The IOT gateway can follow one of various communicating protocols, for example, Z-Wave, Zigbee, or other published standards, or other communicating standards defined by some specific manufacturers. Such IOT gateway can be a single electronic apparatus, such as an air conditioner, and does not control other electronic equipment's.

Specifically, the effective wireless transmitting distance for the communicating circuit 203 can indicate a current location of the user via setting the power and related parameters for the communicating circuit 203. The communicating circuit 203 communicates with an IOT gateway via a wireless communication protocol in the effective wireless communication distance, such that the IOT gateway can determine if the communication circuit is in the effective wireless communication distance corresponding to the IOT gateway.

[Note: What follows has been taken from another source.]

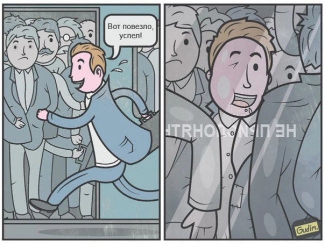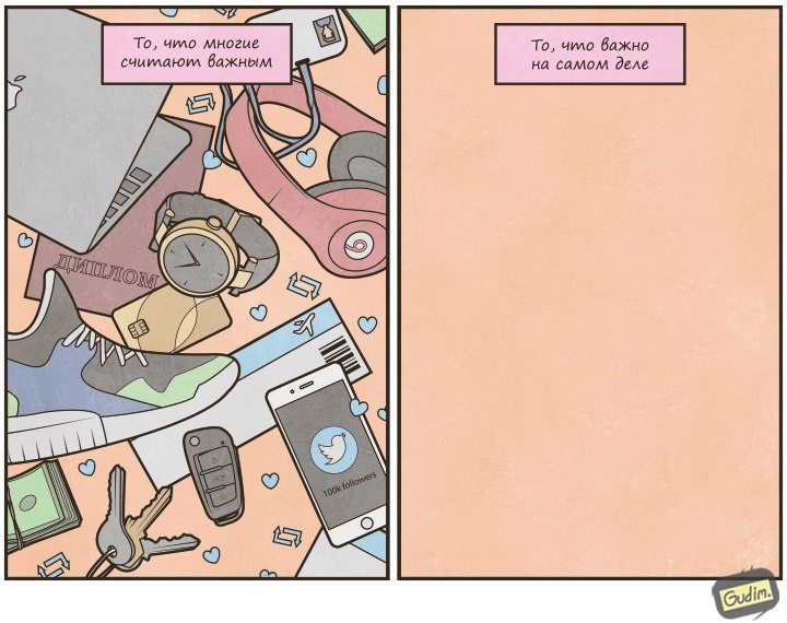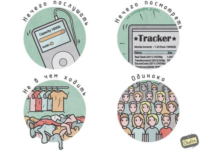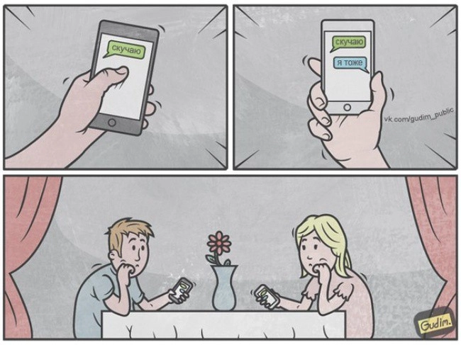Эти картинки о том, как смартфоны захватили нашу жизнь, о забавных ситуациях, с которыми мы сталкиваемся каждый день, о зависимости от мнения окружающих, об одиночестве в толпе и о том, как незаметно мы становимся рабами моды. Московский иллюстратор Антон Гудим в своих иллюстрациях показывает жизнь такой, какой видит её вокруг себя. У талантливого художника более 100 тысяч подписчиков Вконтакте и 40 тысяч — в Инстаграм. Собрали для вас самые ироничные, парадоксальные, немного странные и очень правдивые работы Антона.

The IOT apparatus is informed to perform a corresponding operation based on a predetermined rule if the IOT gateway determines that the communication circuit is in the effective wireless communication distance corresponding to the IOT gateway. For example, if the effective wireless communication distance is 5 m, it is suitable for a room design. If the user carries the smart identifying apparatus 20, enters a room having an IOT gateway, and the smart identifying apparatus 20 successfully communicate with the IOT gateway, the IOT gateway can determine that the user appears in the 5 m range and turns on a corresponding IOT equipment, such as air conditioners or lights. To the contrary, if the smart identifying apparatus 20 cannot successfully connect with the IOT gateway, the IOT gateway turns off the light, the air conditioner or related equipment according to a predetermined rule. Another scenario is that, when the smart identifying apparatus 20 successfully connects to the IOT gateway, the IOT gateway can turn on, turn off or adjust IOT apparatuses, to match the requirements for different users in the same region. For example, if the user A and B appear in the same room concurrently, and the IOT gateway connects to two corresponding smart identifying apparatus 20, the IOT gateway can adjust the air conditioner to provide the environment suitable for two people, or playing corresponding music.

Please refer to FIG. 3, which is a flow chart illustrating the determining rules for the smart identifying apparatus according to one embodiment of the present invention.

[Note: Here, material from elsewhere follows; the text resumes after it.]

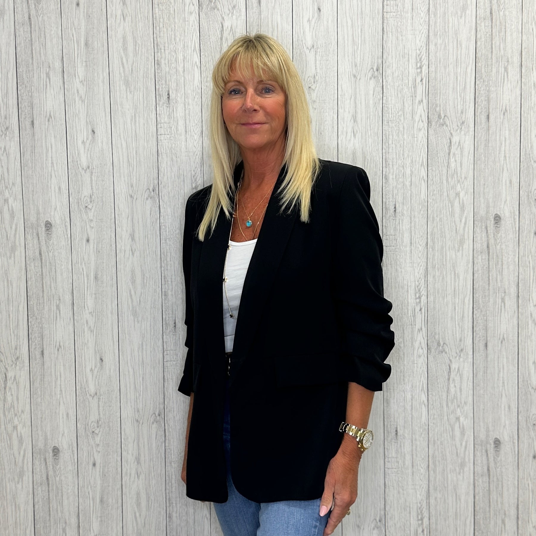This blazer is a must-have addition to your wardrobe. Featuring elegant lapels and ruched 3/4 length sleeves, it offers a polished look with two faux front pockets and a fully lined interior. Perfect for pairing with jeans and a t-shirt for a refined casual style or as a chic piece in your workwear or casual rotation.

The processing circuit 202 of the smart identifying apparatus 20 compares the user motion detected by the motion detecting circuit (step 301) with a predetermined motion rule (step 302), and decides whether to let the communication circuit 203 actively generate a signal to attempt to communicate with the IOT gateway according to the comparing result (step 303). The IOT gateway activates corresponding operations (step 305) if successfully connected (step 304). In other words, the motion detecting circuit 201 detects if the user has an motion, or detects what the motion is. The motion results for the detected motions, either being processed or not, are transmitted to the processing circuit 202. The processing circuit 202 determines if the detected motion meets a predetermined motion mode according to a predetermined motion rule. If the detected motion meets a predetermined motion mode, the communicating circuit 203 attempts to communicate with the IOT gateway. If the communication is successfully established, the IOT gateway determines the user probably appears in this region and corresponding operation is performed, to control a corresponding electronic equipment to perform a predetermined motion.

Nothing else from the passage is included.